Über den Fall von Charis Mantzouridis/About the case of Charis Mantzouridis

English below
Am 13. Oktober 2021 entführte der griechische Staat mit Hilfe der Polizei, insbesondere der Abteilung für Eigentumsdelikte, den Genossen Charis Mantzouridis vor seinem Haus, in dem er mit seiner Lebenspartnerin und ihrem Kind lebt. Der Modus Operandi ist üblich und wurde in den letzten Jahren häufig angewandt: Die Polizisten umzingelten ihn unter dem Vorwand, ihn ins Polizeipräsidium von Athen zu bringen, weil er laut einem „anonymen“ (sic) Telefonanruf eine Woche zuvor des Raubes verdächtigt wurde. Sie legten ihm Handschellen an, schlugen und würgten ihn vor den Augen der fassungslosen Anwohner. Wir wissen bereits, wie Polizisten sind; aber wir analysieren und zählen ihre Brutalitäten auf, damit niemand vergisst, mit wem wir es zu tun haben und wozu sie fähig sind. Für die staatlichen Kräfte ist es nur ein weiterer Mittwoch, wenn sie eine Person mit unverhältnismäßiger Gewalt vor den Augen ihres minderjährigen Kindes niedertrampeln; es ist nur ein Mittwoch, wenn sie einer Person, der nichts vorgeworfen wird, Handschellen anlegen und erklären, dass sie sie nur festnehmen wollen; es ist nur ein Mittwoch, wenn sie eine Person verleumden und verbreiten, dass sie ein minderjähriges Mädchen belästigt hat; es war nur ein Mittwoch.

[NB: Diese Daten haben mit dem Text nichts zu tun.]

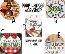 Join us on November 15th from 3-5 to make a door hanger to take home. Choose from 5 options. All materials will be supplied.
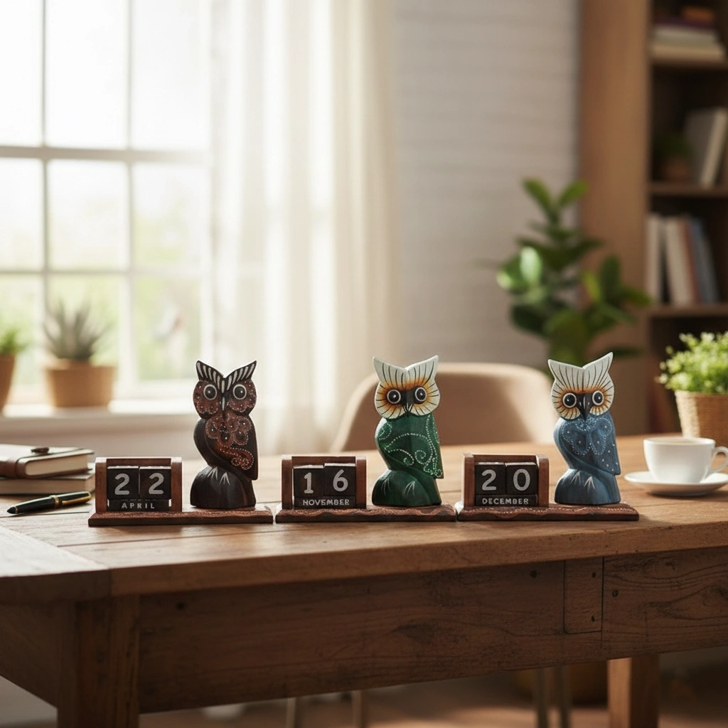 AHŞAP BAYKUŞ TAKVİM BÜYÜK BOYÜrün ÖzellikleriDoğal ahşaptan üretilen büyük boy baykuş figürlü takvim, 14x15 cm boyutundadır. El işçiliği ile tasarlanmış bu dekoratif takvim, masa üstü kullanım için şık ve işlevsel bir seçenektir. Gün, ay ve tarih blokları sayesinde her yıl tekrar kullanılabilir. Baykuş figürü ile sevimli ve estetik bir görünüm sunarak hem dekoratif hem de pratik bir masa aksesuarıdır. Ev, ofis veya hediye olarak ideal bir seçimdir.Paket İçeriği1 adet ahşap baykuş takvim (büyük boy).

Von diesem Moment an gingen die Verfahren schnell voran, was beweist, dass der Fall im Voraus manipuliert wurde und dass die Polizei ein Komplott organisiert hat, um Schuldige zu fabrizieren. In den letzten Monaten hat die griechische Polizei versucht, all jenen den Todesstoß zu versetzen, die sich gegen die weit verbreitete soziale Erstarrung wehren. In den Jahren der Pandemie gab es viele Fälle und unzählige Male, in denen der Staat den radikaleren Teil der Gesellschaft angegriffen hat. Wir sind nun Zeugen einer wesentlichen Verbesserung dieser Strategie, da sie über die rohe Repression auf der Straße gegen massive Manifestationen hinausgeht und strafrechtliche Repression einsetzt, um so viele Militante wie möglich physisch zu eliminieren. Die DNA ist seit mehreren Jahren die konstante und „unfehlbare“ Waffe der staatlichen Repression. In letzter Zeit häufen sich die Fälle von Verfolgungen, die nur auf DNA-Beweisen beruhen.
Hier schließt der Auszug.